Now, China seems to be taking its turn in coming to grips with Afghanistan’s role in its national security.
No one expects China to be sending troops any time soon, even with the United States and NATO pulling out the last of their combat forces at year’s end. But China has taken a major step in formalizing closer relations with the Afghan government: Last week, it said it planned to provide billions of dollars in new economic and security assistance.
That is being taken as good news by American officials, who have sought to encourage China to take a larger role in Afghanistan beyond just trying to develop the country’s mineral wealth. And Afghan officials, whose economy is in dire shape and whose government is struggling to pay its bills, are eager to find a new source of aid and investment.
A major factor in China’s stepped-up involvement with Afghanistan is a growing alarm in Beijing over Islamist militancy among Uighurs, a Muslim ethnic group from northwestern China, analysts say.

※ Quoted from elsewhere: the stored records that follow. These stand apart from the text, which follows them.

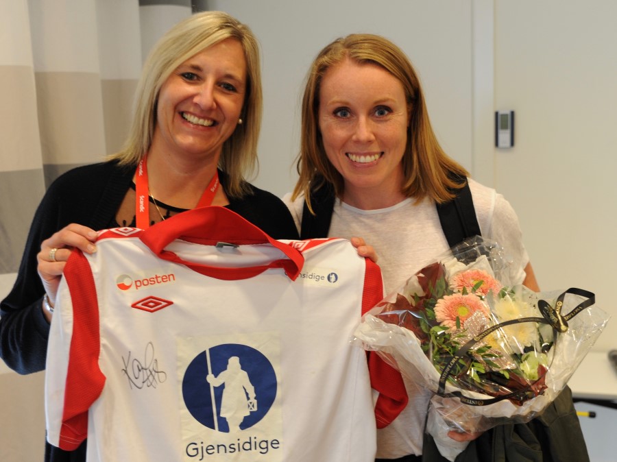 Wenche Sunde fra Rissa var heldig vinner av landslagsdrakt signert av "Karo", Karoline Dyhre Breivang.
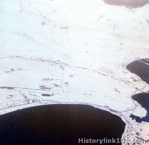 Oblique of Navy runways at Massacre Bay, Attu, Aleutian Islands. November 16, 1943. Showing hangars revetments, taxiways and incompleted north and south runway.
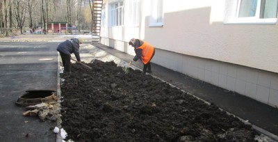 Працівники КП УЗН облаштовують газони у дитячому садочку (фото)
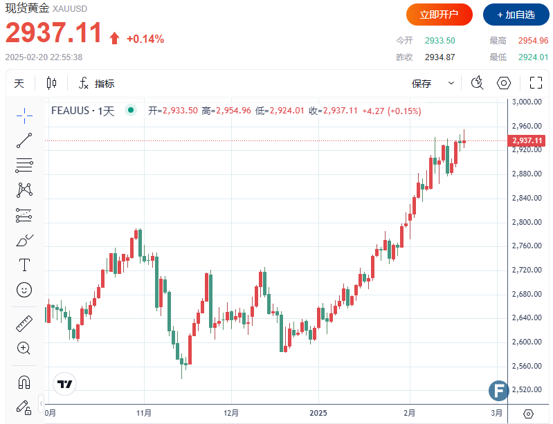 FX168财经报社(北美)讯 周四(2月20日),黄金价格刷新历史纪录,突破每盎司2950美元,因市场担忧美国总统唐纳德·特朗普(Donald Trump)的关税威胁将引发全球贸易战,推动投资者避险需求上升。
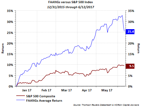 On a year to date time frame, the FAANG pullback looks steep, but the basket's average return still exceeds 25%.
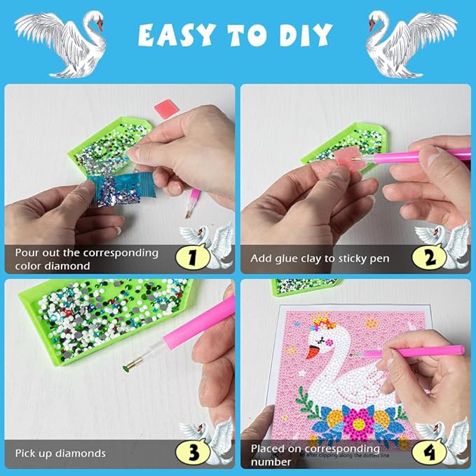ערכת ציור יהלומים נוצצת בעיצוב ברבור
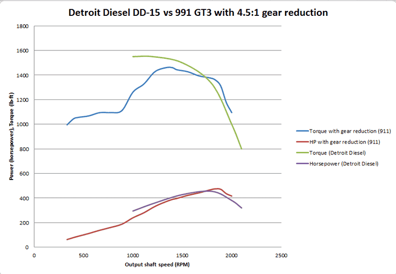 Just for fun, let's say that all of these engines have the same maximum power, no matter what it is, no matter at what rpm. Which engine will give the highest acceleration at wheel rpm of 500, 1000 and 2000 rpm? Let's do the calculations:
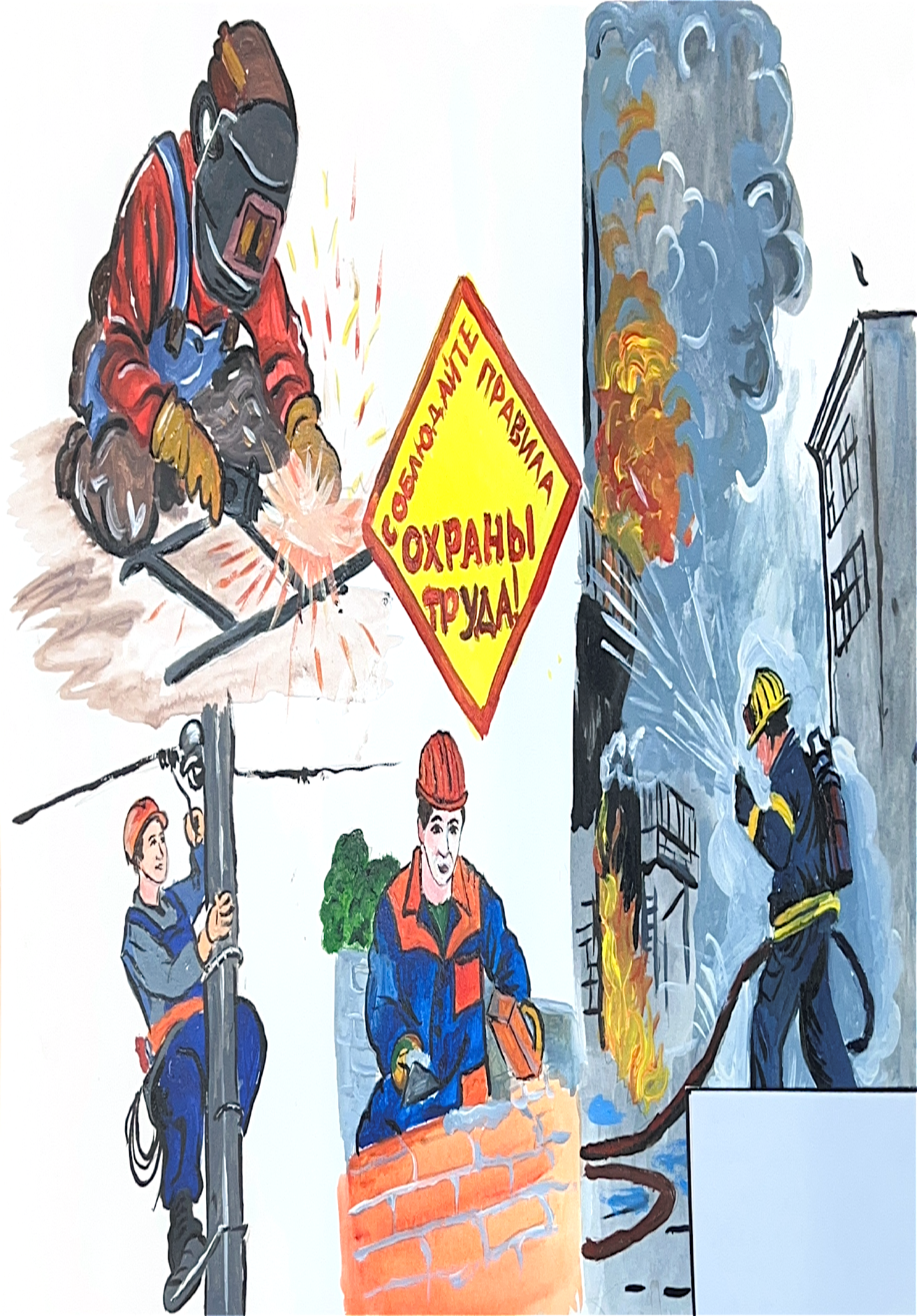 и отражают видение охраны труда в призме детского восприятия. Ребята изобразили труд людей различных профессий с применением специальной одежды и других средств индивидуальной защиты, отразили свои знания требований охраны труда.
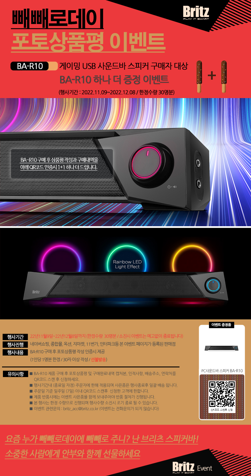 안녕하세요 빼빼로 데이 맞이 브리츠의 게이밍 사운드 바 4총사 즐거운 1+1 행사를 진행합니다.
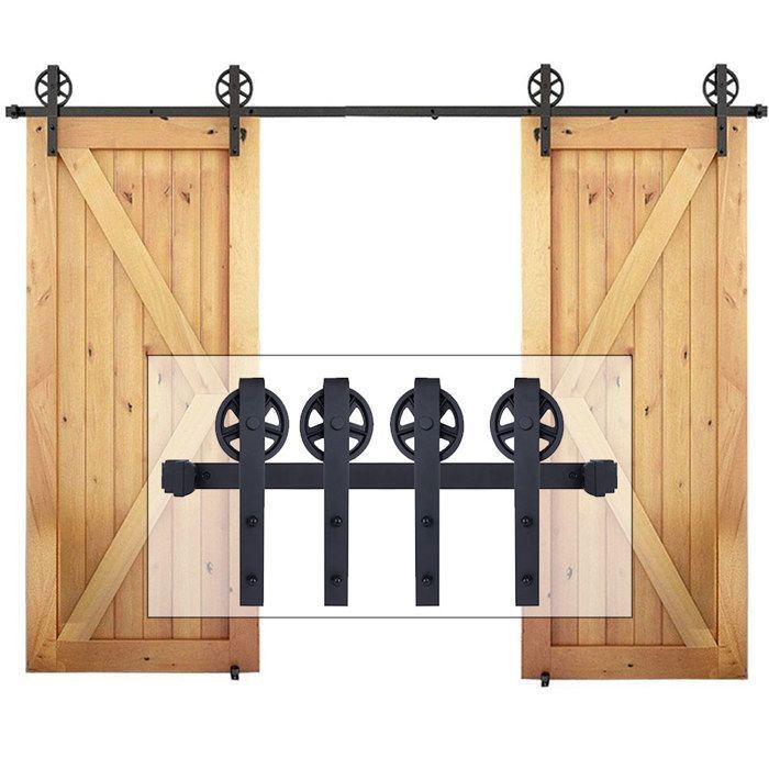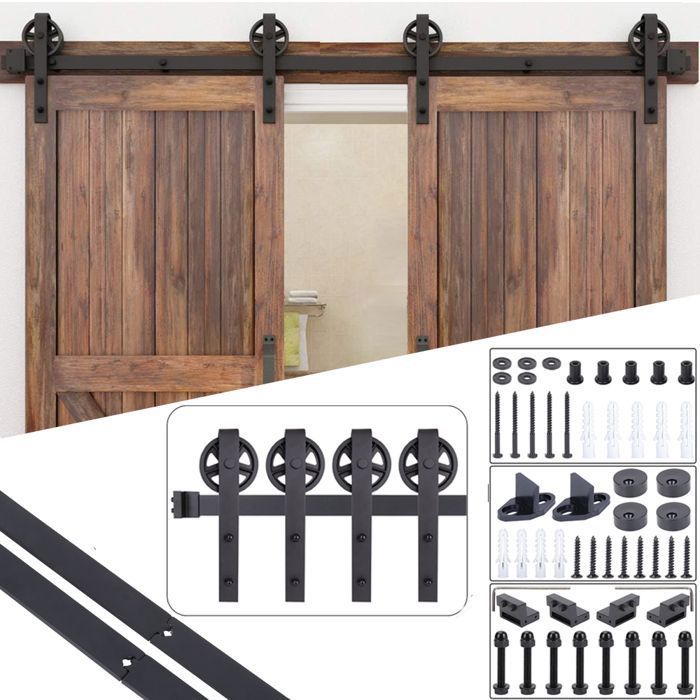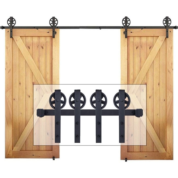 LEYSHOP 200cm -66FT Kit de Rail de Double-Porte Coulissante Suspendu - Quincaillerie Kit de Rail Suspendue Porte de Grange
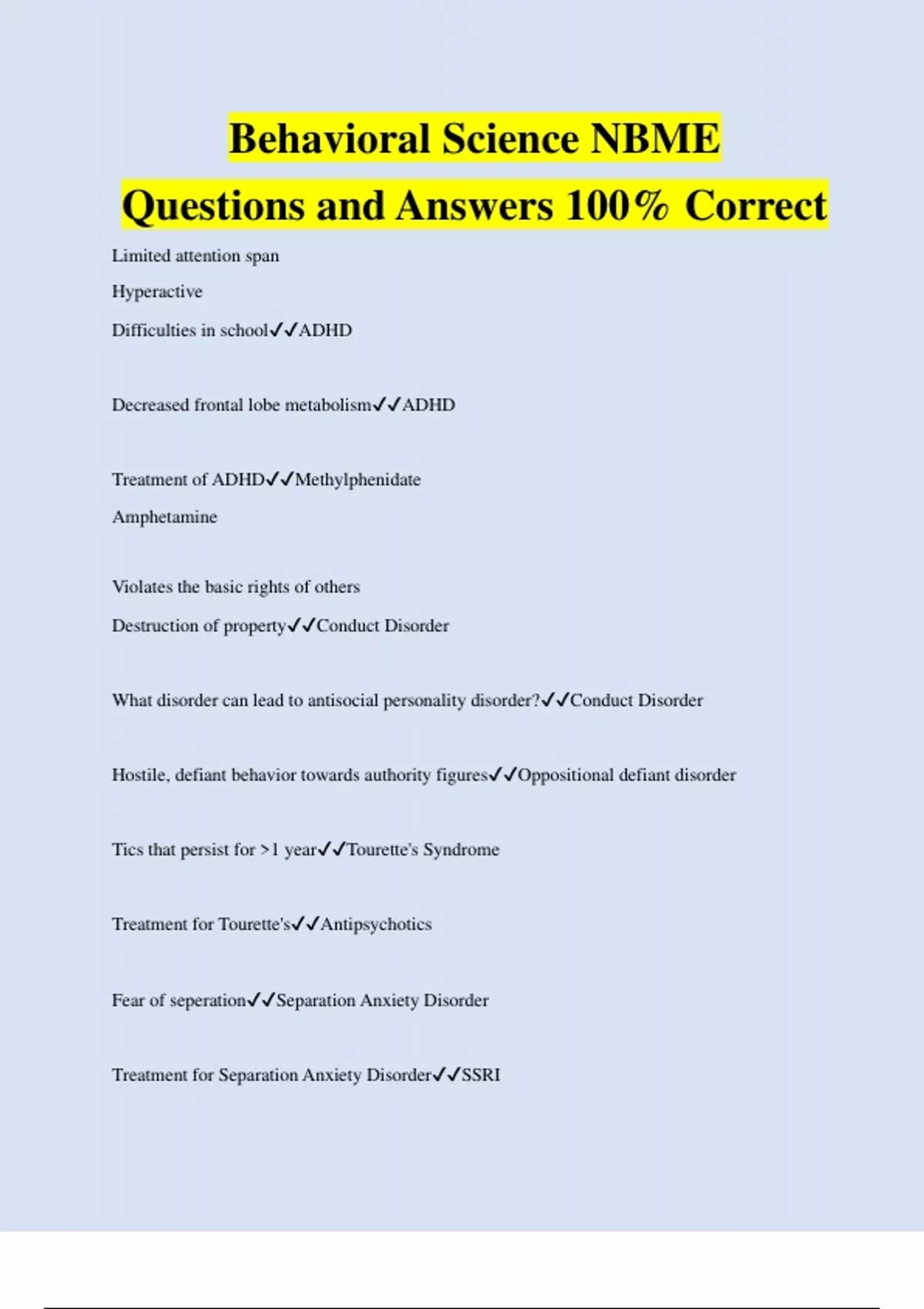 Behavioral Science NBME Questions and Answers 100% Correct

Since 2001, a smattering of Uighur militants have fought in Afghanistan and elsewhere. And Chinese officials blame a Uighur separatist group, the East Turkestan Islamic Movement, for a spate of attacks that have killed hundreds of people in China over the past two years.
Some experts say Chinese fears that the Uighur separatist cause might spread widely among other militant groups are overblown. But where some see unfounded fears, the Afghans have sensed an opportunity to secure a new, rich benefactor.
Further, interviews with Afghan officials suggest that they also hope to use the presence of Uighur militants here to drive a wedge between China and Pakistan, which has aided and sheltered the Taliban in the past and is a longstanding ally of Beijing.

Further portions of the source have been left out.